WHY analyze provenance data

The spectrum of possible reasons for conducting meta-analyses on provenance data is broad. Our goal is to provide a comprehensive overview of existing body of literature that analyze provenance datafor specific purposes. At a high-level, we can categorize the goals of the existing work as:

Understanding the User
"The goal of visualization is to create visual tools to support the user’s reasoning and decision-making with data."
Evaluation of System and Algorithms
"Evaluation of a visual design or system with the primary purpose of non-trivial analysis of provenance data."
Adaptive Systems
"A better understanding of the system and the user’s analytic process give rise to opportunities to create adaptive systems."
Model Steering
"Modeling steering leverages provenance data to improve the underlying data representations, machine learning models, or projection calculations in the case of high-dimensional datasets."
Replication, Verifiction, and Re-Application
"Using interaction logs to perform real-time or post-hoc quantification to validate the analysis results or to replicate the process when a similar problem arises."
Report Generation and Storytelling
"Provenance data are used to automatically generate summary reports of an analysis session."

WHAT types of provenance data to analyze

Now that we have considered the different reasons WHY researchers analyze provenance data, the next challenge is to determine how the user’s interactions can be encoded, represented, and stored. The choice of the encoding has a direct impact on the downstream analysis of the provenance data as well as the expected outcome. From the perspective of analysis techniques, the decision of how to encode the provenance data can also dictate the types of analyses that can be applied.

"Record of user's interactions with a visualization tool into a temporally ordered list."
"To examine and re-apply users' provenance information for automated analyses, rules and grammars are applied."
"The goal of provenance and interaction analysis is often expressed as the (machine learning) model that a user is constructing, steering, or exploring."
"Since the purpose of using a visualization is to explore data, discover patterns and relations, and eventually build knowledge, many visualization systems encode the user’s interactions as knowledge graphs, concept graphs, or history graphs."

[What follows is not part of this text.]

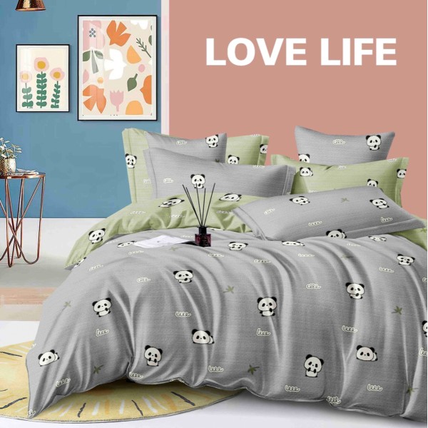 Lenjerie pat 1 PERSOANA, FINET, 4 piese, Jojo Home, Gri, ursuleti panda, cod produs: JOS214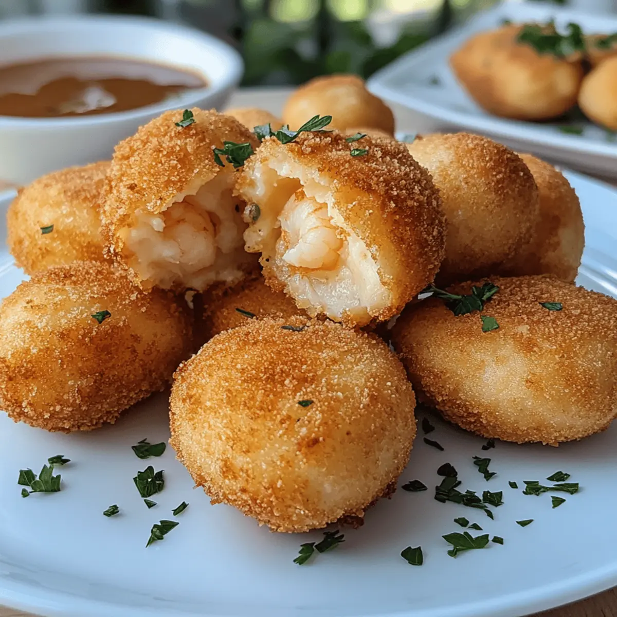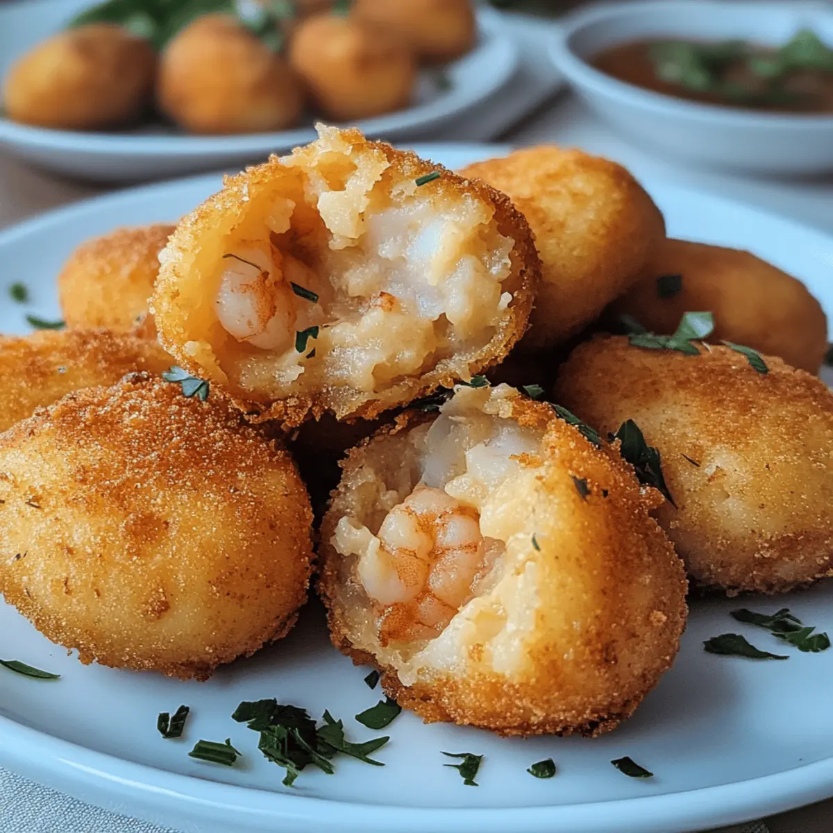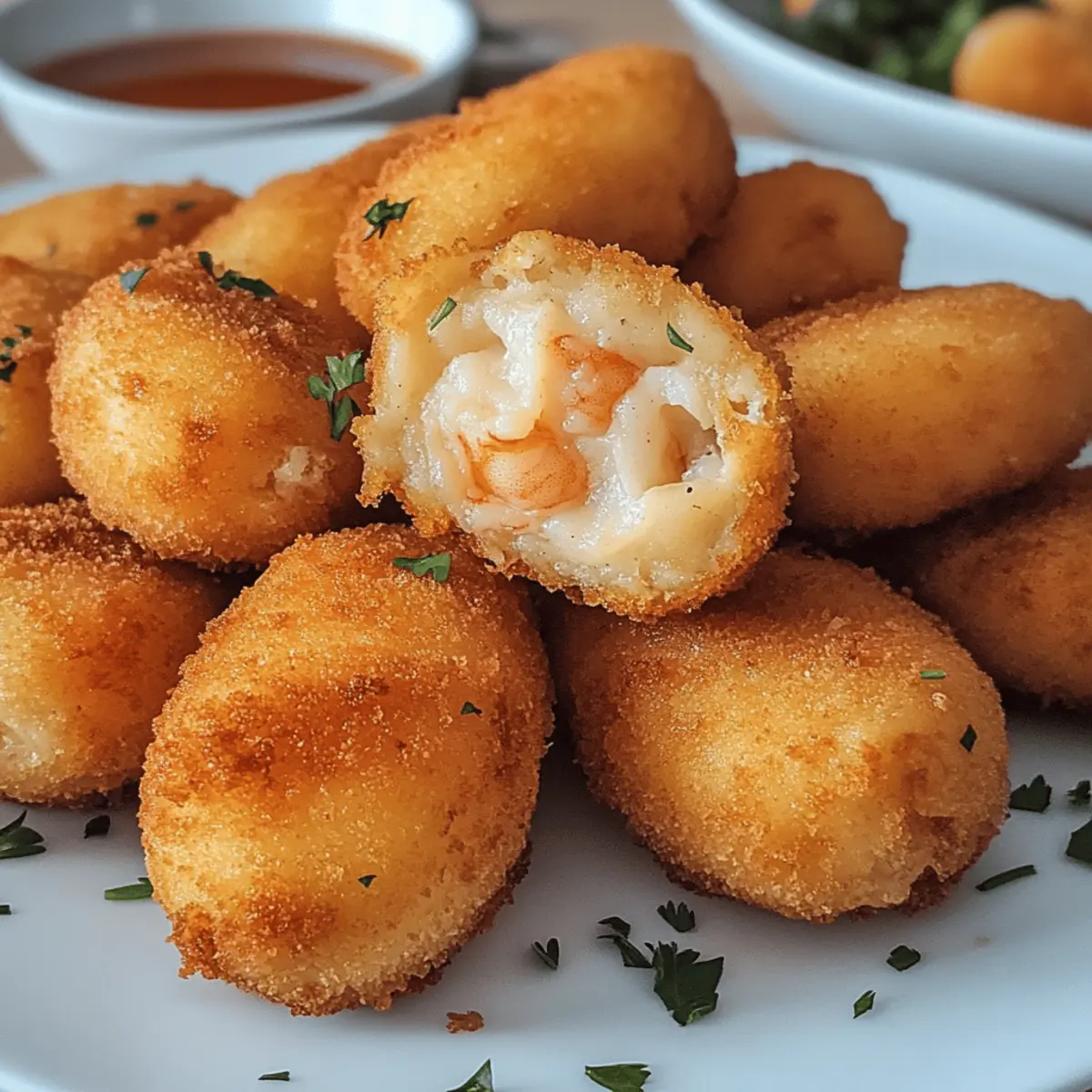 Hast du schon einmal den verlockenden Duft von frisch zubereiteten Spezialitäten aus Portugal eingeatmet? Bei meinen letzten kulinarischen Abenteuern entdeckte ich die schmackhaften Portugiesischen Shrimp Croquettes, die nicht nur ein Genuss für die Sinne sind, sondern auch eine wunderbare Möglichkeit bieten, Gäste zu beeindrucken oder einfach nur einen gemütlichen Abend zu bereichern. Diese köstlichen Leckerbissen kombinieren eine cremige Shrimpsfüllung mit einer goldbraunen, knusprigen Panade, die jeden Bissen zum Erlebnis macht. Schnell zubereitet und ideal als Snack oder Appetitanreger, sind sie die perfekte Lösung, um dem Alltag etwas Komfort zu verleihen. Wer könnte da widerstehen? Bist du bereit, diese kleinen Schatztruhen der Geschmackserlebnisse mit mir zu entdecken? Warum wirst du dieses Rezept lieben? Einfachheit, die begeistert: Die Zubereitung dieser kroatischen Köstlichkeit ist unkompliziert, sodass jeder sie meistern kann. Reiche, würzige Aromen: Die Kombination aus frischen Kräutern und Garnelen sorgt für ein geschmackliches Erlebnis, das die Geschmacksknospen verführt. Vielseitigkeit: Ob als Snack für deine nächste Feier oder als leckere Vorspeise – du kannst die Kroketten nach deinem Geschmack anpassen. Schnelle Zubereitung: Mit nur wenigen Schritten zaubern Sie in kürzester Zeit ein Gericht, das alle begeistert. Wenn du deine Kreativität entfalten möchtest, schaue dir auch mein Rezept für Mango Sago Dessert an. Perfekte Textur: Der kontrastreiche Crunch der Panade umhüllt die cremige Füllung – ein Genuss, der einfach süchtig macht. Crowd-Pleasing: Jeder wird dieseeinmaligen Kroketten lieben, egal ob bei einem Familienessen oder einer geselligen Runde mit Freunden! Deliziere sie beispielsweise mit einem frischen Salat oder einer Sauce, um das Erlebnis noch abzurunden. Zutaten für die portugiesischen Garnelen-Kroketten Für die Füllung: Garnelen – Essenziell für die Füllung, die einen reichen Meeresgeschmack bietet. Du kannst frische oder gefrorene Garnelen verwenden. Kartoffelpüree – Dient als Bindemittel und verleiht den Kroketten eine cremige Textur. Übrig gebliebenes Kartoffelpüree eignet sich hervorragend. Knoblauch – Verstärkt das Geschmacksprofil und fügt Tiefe hinzu. Kräuter (z.B. Petersilie, Koriander) – Bringen Frische und Farbe in die Füllung. Semmelbrösel – Schafft eine knusprige Panade für den Texturkontrast. Panko-Semmelbrösel können für zusätzlichen Crunch verwendet werden. Ei – Hilft, die Mischung zu binden und wird zum Panieren vor den Semmelbröseln verwendet. Salz und Pfeffer – Würzen alle Aromen und heben den Geschmack hervor. Für die Panade: Semmelbrösel – Bietet den charakteristischen Crunch, perfekt für die knusprige Außenlage der Kroketten. Optional kannst du Panko verwenden, für extra Knusprigkeit. Die portugiesischen Garnelen-Kroketten sind ein Genuss, den du dir nicht entgehen lassen solltest! Schritt-für-Schritt-Anleitung für Knusprige portugiesische Garnelen-Kroketten Step 1: Füllung vorbereiten Erhitze eine große Pfanne bei mittlerer Hitze und füge einen Schuss Öl hinzu. Sauté den gehackten Knoblauch für etwa 1-2 Minuten, bis er duftet. Gib dann die Garnelen dazu und brate sie, bis sie rosa und durchgegart sind, ca. 3-4 Minuten. Vermenge die Garnelen mit dem Kartoffelpüree und den frisch gehackten Kräutern. Mit Salz und Pfeffer abschmecken und in eine Schüssel umfüllen, damit die Füllung abkühlen kann. Step 2: Kroketten formen Sobald die Füllung abgekühlt ist, forme mit deinen Händen kleine Patties oder Bällchen, etwa in der Größe eines Tischtennisballs. Bereite eine Schüssel mit geschlagenem Ei und eine zweite Schüssel mit Semmelbröseln vor. Tauche jede Form in das Ei, damit die Semmelbrösel haften, und wälze sie anschließend gründlich in den Semmelbröseln, um eine gleichmäßige Schicht zu erhalten. Step 3: Frittieren oder Backen Erhitze in einer tiefen Pfanne ausreichend Öl auf 180°C (350°F). Fritte die Kroketten portionsweise für etwa 3-4 Minuten, bis sie goldbraun und knusprig sind. Alternativ kannst du die Kroketten auf ein Backblech legen, mit etwas Öl besprühen und im vorgeheizten Ofen bei 200°C (400°F) für ca. 20 Minuten backen, bis sie schön goldbraun sind. Step 4: Servieren Nimm die knusprigen portugiesischen Garnelen-Kroketten aus dem Öl oder Ofen und lasse sie kurz auf Küchenpapier abtropfen, um überschüssiges Fett zu entfernen. Serviere sie warm mit einer passenden Dipsauce, wie z.B. Aioli oder einer scharfen Remoulade, und vielleicht einem frischen Salat als Beilage für ein rundum gelungenes Gericht. Was passt zu knusprigen portugiesischen Garnelen-Kroketten? Genieße die Aromen der Küste mit einer sorgfältig zusammengestellten Beilage, die dein Geschmackserlebnis noch bereichert. Frischer Blattsalat: Ergänzt die warmen Kroketten mit einem knackigen Kontrast und leichtem Dressing für ein erfrischendes Zusammenspiel. Knoblauch-Aioli: Diese cremige und aromatische Sauce verleiht den Kroketten einen zusätzlichen Geschmackskick und passt hervorragend dazu. Pikante Remoulade: Eine würzige Dip-Sauce, die die Aromen der Garnelen-Kroketten wunderbar unterstreicht und für geschmackliche Tiefe sorgt. Zitronenspalten: Ein Spritzer frischer Zitrone bringt eine lebendige Säure mit, die die Fülle der Kroketten ausgleicht. Baguette: Serviere knusprige Stücke dazu, wenn du eine herzhafte Textur und einen freundschaftlichen Austausch von Aromen suchst. Weißwein: Ein trockener, fruchtiger Weißwein rundet das Gericht ab und sorgt für eine harmonische Verbindung der Aromen. Cremiges Kartoffelpüree: Eine zusätzliche, buttrige Seite, die das Gericht besonders schmeichelhaft macht und schön sättigt. Aufbewahrungstipps für portugiesische Garnelen-Kroketten Zimmertemperatur: Auf ungenutzte Kroketten solltest du verzichten, da sie schnell an Qualität verlieren und nicht länger als 1–2 Stunden draußen bleiben sollten. Kühl

HOW to analyze provenance data

User interactions collected from a visual data exploration or analysis session can be analyzed in a variety of ways. In the most simplistic cases, the user interaction data can be stored as part of the “undo/redo” mechanism with little data processing required. In thw WHAT section, we focus on complex analysis methods that researchers apply to the interaction data to derive insight into the user’s analysis intent, re-purpose past analyses, predict future user actions, or create analysis summaries.We organize the observed methods into five primary categories:.

Classification Models
"The overarching goal of classification is to map a user action to one or more categories."
Pattern Analysis
"Detect patterns in data or logs, either as an automated pattern analysis or a manual pattern analysis."
Probabilistic Models / Prediction
"Identify trends and predict possible future interactions in provenance data with probabilistic models."
Programm Synthesis
"Convert the user interactions into an executable script that can be applied to a new dataset by using a script or executable sets of operations based on past user interactions."
Interactive Visual Analysis
"Additional analysis methods, with an overarching theme of interacting with visual representations of provenance data and generating insight from such interactions."